Ainsi l’indique Michaël Dian, directeur du festival de Chaillol: « Défendre la création artistique et accompagner, fut-ce modestement, ceux qui engagent tout leur être dans une vie d’écriture, c’est participer à l’une des aventures les plus exaltantes de notre temps. Et d’ajouter nos voix à toutes celles, passées et contemporaines, qui célèbrent l’Homme en son plus lumineux versant. Comme pour mettre ses pas dans le souffle d’Hölderlin « poétiquement toujours, sur terre habite l’homme ». Le désir. La poésie. Le cœur palpitant de l’être. Comprenez qu’on y tienne. Parce qu’on s’y tient. Par ce que tout tient là-dessus et justifie les autres nécessités de l’existence. Que l’homme y renonce, qu’il abandonne ses aspirations à se découvrir lui même dans les œuvres qu’il crée, découvre, encourage... et c’est tout ce qui le distingue de la bête qui s’évanouit. La célébration plutôt que la prédation, l’art de la rencontre plutôt que la lutte de tous contre tous... » 33
L’ÉCOLOGIE MENTALE, RÉFÉRENCES DE COURS
8/ STUDIO JULIE MARTIN «ÉCOSYSTÈME URBAIN» (LICENCE 3, S5AA, 2017/2018): En plus d’un réel intérêt pour l’architecture comme « écosystème » dans la ville, ce studio proposait une vraie réflexion sur la notion d’imaginaire comme sens de l’architecture et comme base de la conception architecturale. Définir son imaginaire pour créer un espace dans un contexte particulier, se créer un univers pour que le projet soit cohérent, conserver la même inspiration tout au long du processus pour qu’à son tour l’architecture puisse être une projection de chaque personne, que chacun puisse y voir sa propre réalité, qu’elle soit source d’évasion ou d’inspiration, aussi bien dans son espace que dans son programme, c’est quelque chose qui me plaît, que je souhaite conserver et approfondir.

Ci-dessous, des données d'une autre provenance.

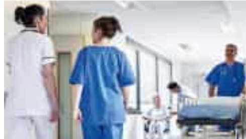
Operatori sanitari nella corsia di una struttura

La commissione era stata richiesta dalla stessa esponente renziana per avere il quadro sull'organico del centro sanitario per anziani per cui si erano ravvisate criticità sul fronte del numero
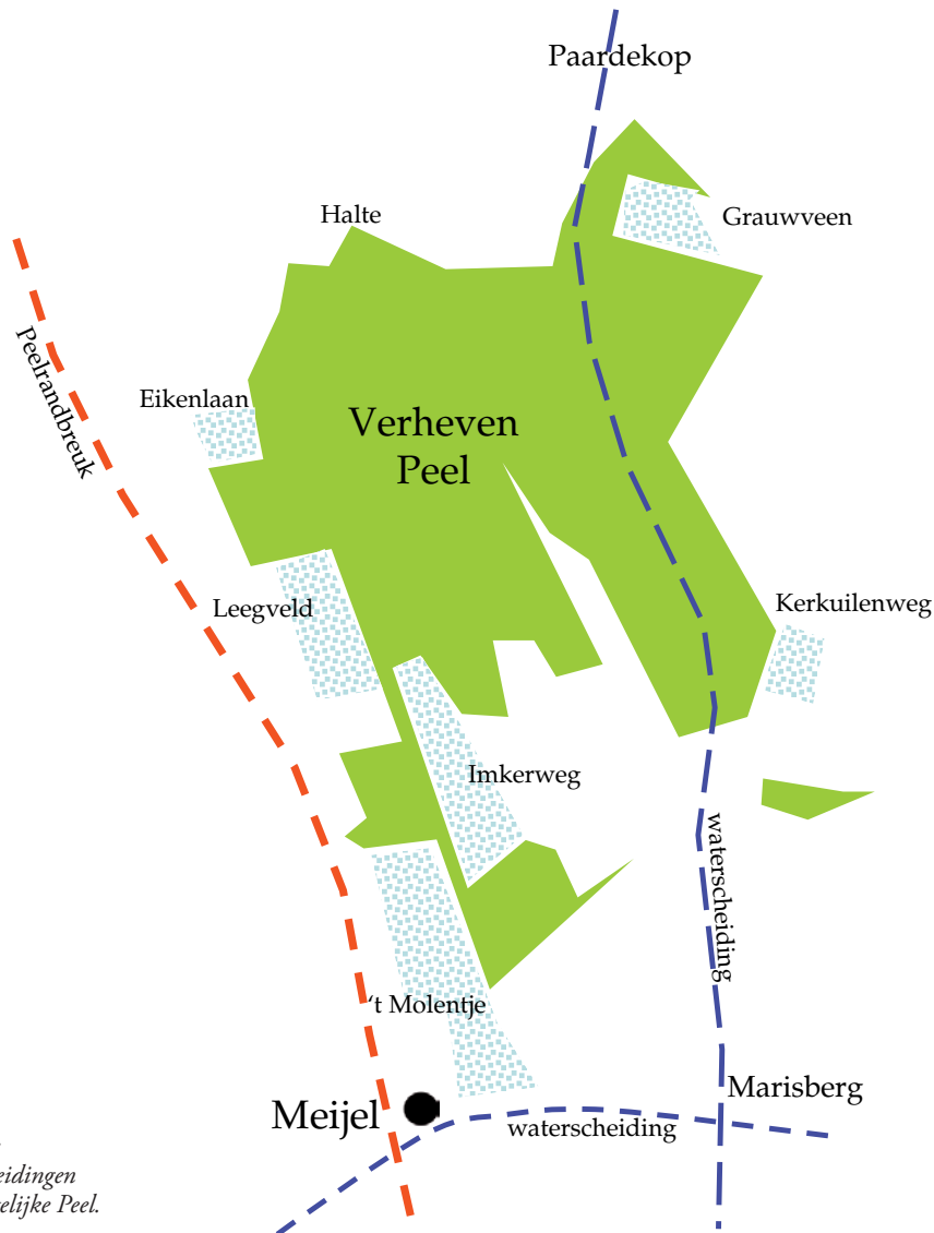
Figuur 2: Waterscheidingen in de oostelijke Peel.

Het vierde gunstige geologische kenmerk is dat op
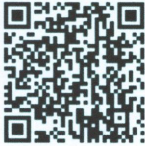
QR code ช่องทางการอบรม
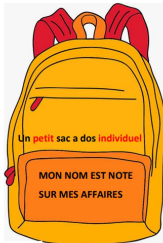
Un petit sac a dos individuel
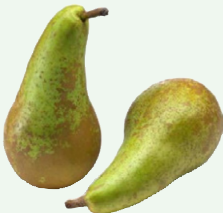
Handperen TotaalVERS, per stuk, Art. nr. 20000708
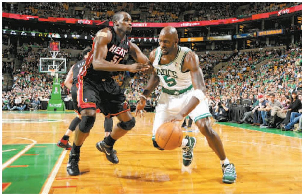
凯尔特人队球员加内特(右)带球突破。

9日的两场NBA季后赛均战至加时赛,新“三巨头”发威的迈阿密热火队在客场通过1个加时赛以98:90战胜波士顿凯尔特人队,以总比分3:1获得赛点;而俄克拉荷马雷霆队则在客场经过3个加时赛以133:123击败孟菲斯灰熊队,将总比分扳为2:2平。
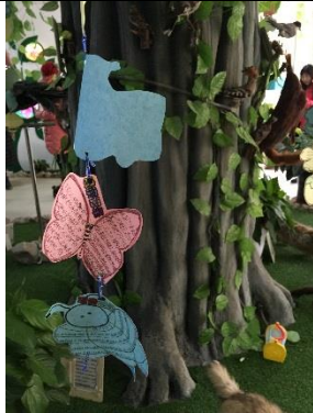
生命探究空間學生觀察紀錄。
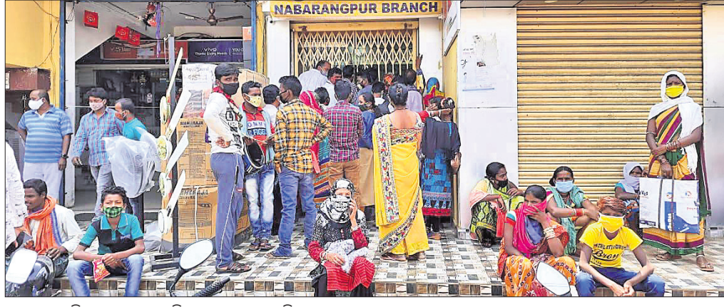
ନବରଙ୍ଗପୁରସ୍ଥିତ ଏକ ବ୍ୟାଙ୍କ ପରିସରରେ ଗ୍ରାହକଙ୍କ ଭିଡ଼।
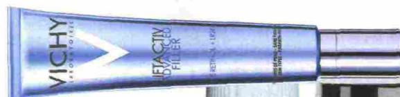
Con retinolo puro Liftactiv Advanced Filler di Vichy (39,50 euro, in farmacia).

Racchiudono un ingrediente top in alte percentuali e assicurano risultati mirati
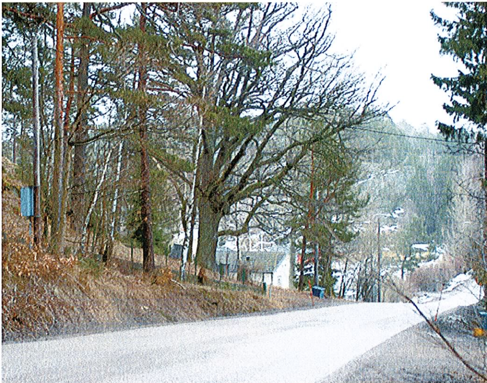
Breviksvägen i östra delen av planområdet, strax innan korsning med Klockargårdsvägen/Bofinksvägen.
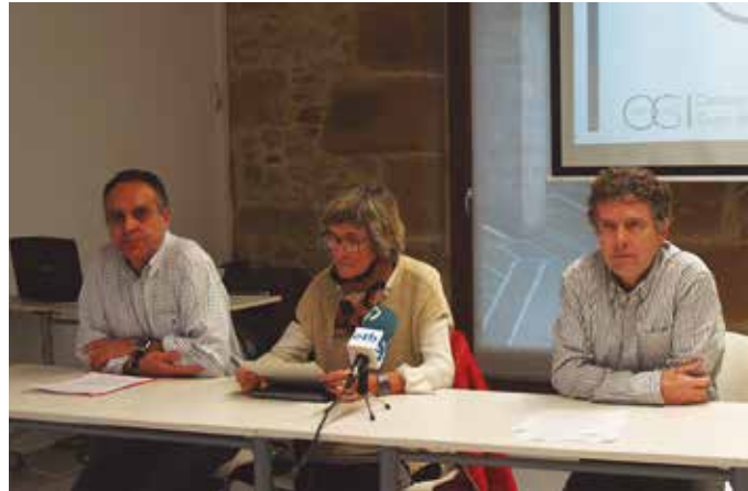
Ondorio kezka-garriak plazaratu ditu OEIT elkarteak.

Adibide gisa jartzen dute, iaz Herbeheretako azken belau-naldiko edo batzuk errauskailu “moderno” deitzen dioten horietako baten inguruan eginiko ikerketa batek zioena. “Honek dio isurketak modu jarraian monitorizatuz gero neurturiko dioxinen isurketa zifrak ofizial-
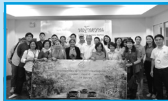
ปีโอไอภาคที่ 1 (เชียงใหม่) นำคณะผู้ประกอบการภาคเหนือ ตอนบนเยี่ยมชมกิจการที่ได้รับการส่งเสริมการลงทุนในภาคตะวันออก เชียงเหนือ ในวันที่ 22 - 24 มิถุนายน 2559
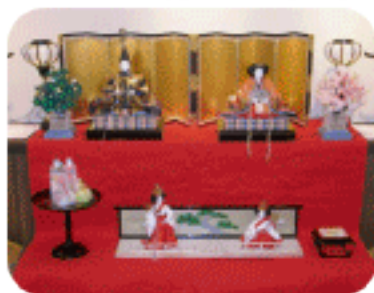
※お雛様展で展示できる作品やグッズがありましたらお寄せ下さい。
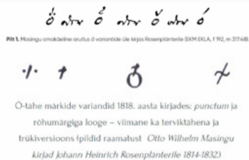
Õ-tähte erinevad versioonid.

Edasiste otsingute-katsetuste käigus sai paberile üksjagu variante: o, mille kohal kaks punkti, mille vahel veel püstkriips; o, mille kohal kaldristike; õ ja ö. 1818 telliti Peterburist trükitüüp teise jaoks. Seda oodates kasutas Masing aga esimest varianti, avaldades oma „Pühhapäwa Wahhe-luggemiste“ (1818) eessõnas palve, et „säärane „wõeras poohkstaw“ lugejaid ei pahandaks, õige tähekuju on tellimisel, see pole saabunud ja
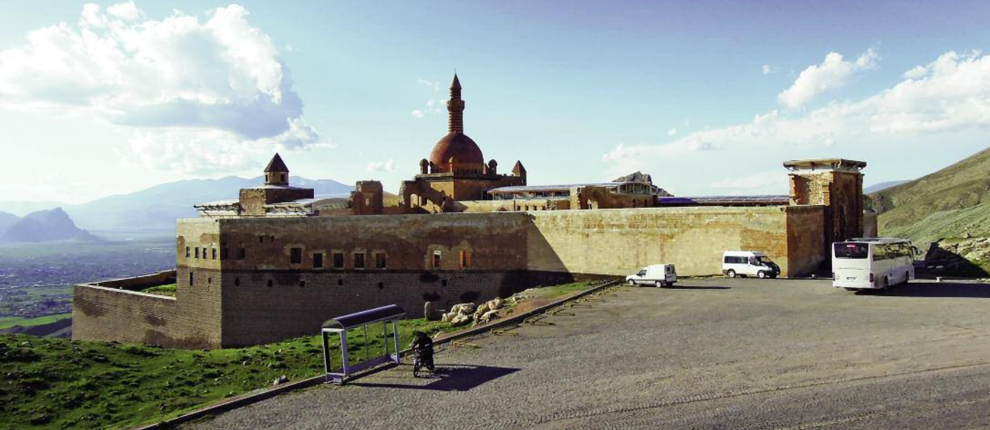
Palác Ishak Pasha z nadhledu

Ararat v plné kráse, tentokrát bez své obvyklé mračné čepičky

9/ COURS THÉORIQUES, GILLES MARTY, «DE LA THÉORIE À LA PRATIQUE PROFESSIONNELLE» (LICENCE 3, S6AT, 2017/2018): Ces cours ont retenu mon attention, notamment le premier qui proposait une réflexion sur la création du sens en architecture. Dans cette vision très poétique, une partie était dédiée à la question de l’imaginaire. Il y était expliqué que le rôle de l’architecte réside dans sa «capacité à voir l’invisible», dans sa façon de mettre en relation les dimensions visibles/tangibles avec les dimensions invisibles/intangibles. En effet, c’est par l’imaginaire que chacun appréhende le réel, et c’est en inscrivant un imaginaire fort dans ses réalisations que l’architecte peut créer du sens en fabriquant un univers et en suscitant à son tour l’imaginaire du visiteur.